The solution for MA carriers to keep profit flowing likely involves a reduced appetite for high-utilization risk members—or an outright need to begin shedding some while increasing cost shares. Some of these seniors might move to other MA solutions, like C-SNP, that may be better equipped to support high utilizers. But MedSupp coverage is also effective coverage, especially for high utilizers who can avoid underwriting.
MA is in for a major shock this year. With potentially two million seniors receiving a letter notifying them their plan has been discontinued, there is already a large base of seniors who will be forced to switch—with a higher concentration of these seniors in PPOs. Millions more will decide to switch voluntarily as they look for better benefits.

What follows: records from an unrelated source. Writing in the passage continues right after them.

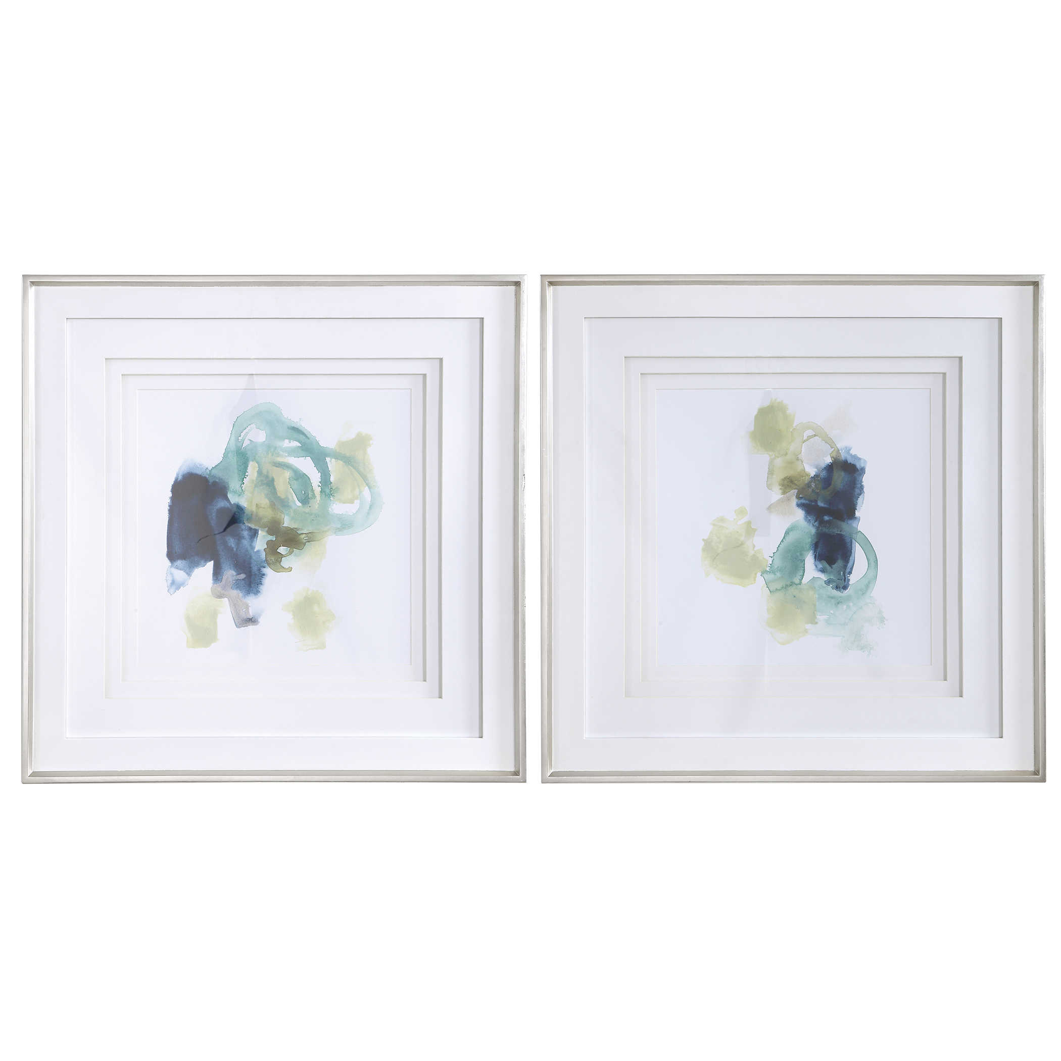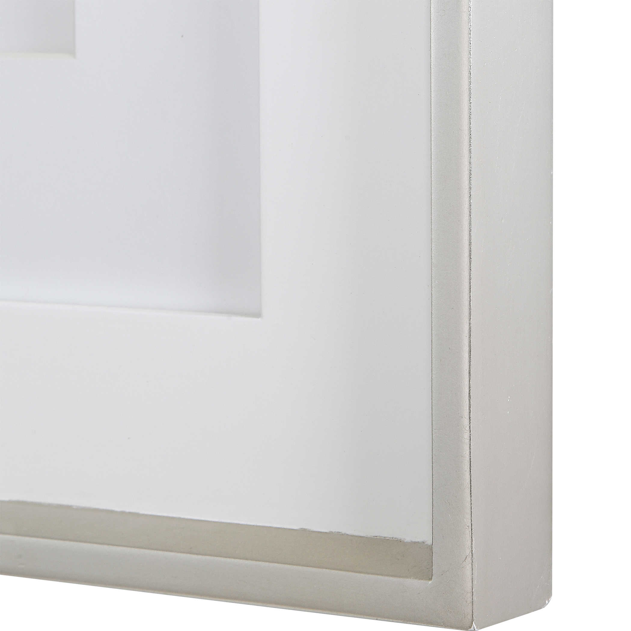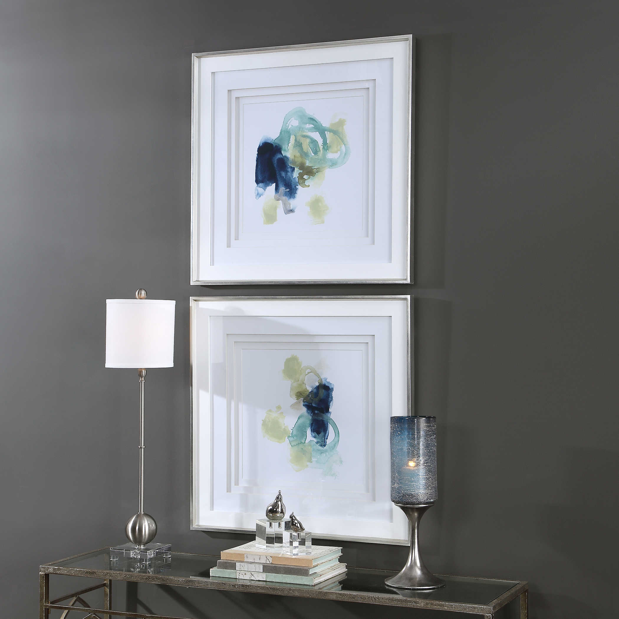 Эти современные абстрактные принты в рамках Integral Motion привносят яркие акварельные тона бирюзового, королевского синего и желто-зеленого на светлый белый фон. Эффект тройного матирования и дополнительные прокладки создают ощущение объема и глубины в каждом произведении. Они окружены белыми рамами, украшенными серебряной фольгой, что добавляет элегантности этому набору. Каждый отпечаток метикулезно помещен под защитное стекло, сохраняя его качество и сохранность. Эти произведения искусства станут стильным украшением вашего интерьера, придавая ему современный акцент.
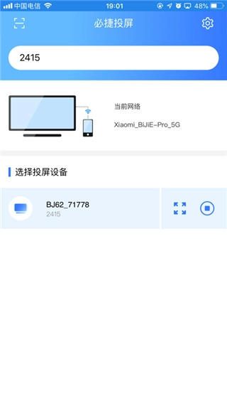 2、启动“必捷投屏”应用,系统会自动搜索可用的投屏设备,只要设备处于同一局域网环境下就能完成连接。
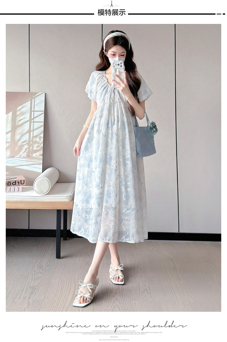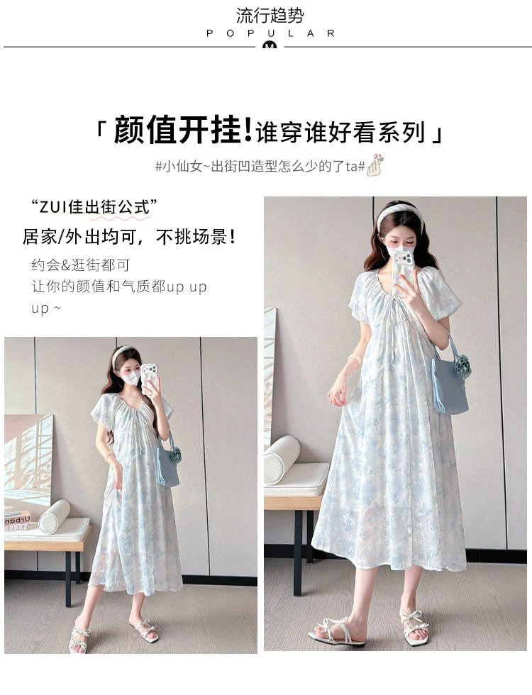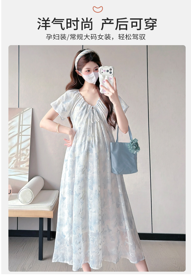실사 지금 또는 2026 출산 착용 여름 새로운 프랑스식 광장 칼라 꽃무늬 임산부 드레스
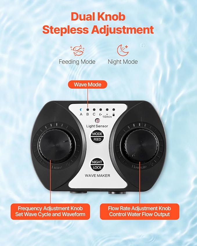 - Multi-Functional Controller: Take full control with our multi-functional controller! Adjust wave frequency and water flow rate with dual knobs. Enjoy additional features like feed mode, night mode, and key lock for added convenience

MedSupp managers are no doubt excited about MA plan cutbacks providing an opportunity for conversion. But MedSupp managers should remain cautious: If MLRs or lackluster risk adjustment reimbursement are the reason MA plans are shedding members, they may have less interest in attracting high utilizers in their initial enrollment window. That may mean more high utilizers joining MedSupp without underwriting—and more risk for MedSupp managers to offset.
[1] CMS 2024 rate announcement: https://www.cms.gov/newsroom/fact-sheets/fact-sheet-2024-medicare-advantage-and-part-d-rate-announcement
[2] Source: Deft MA+PDP Exit Tracker, part of the Deft MAPD+PDP Disruption Tool.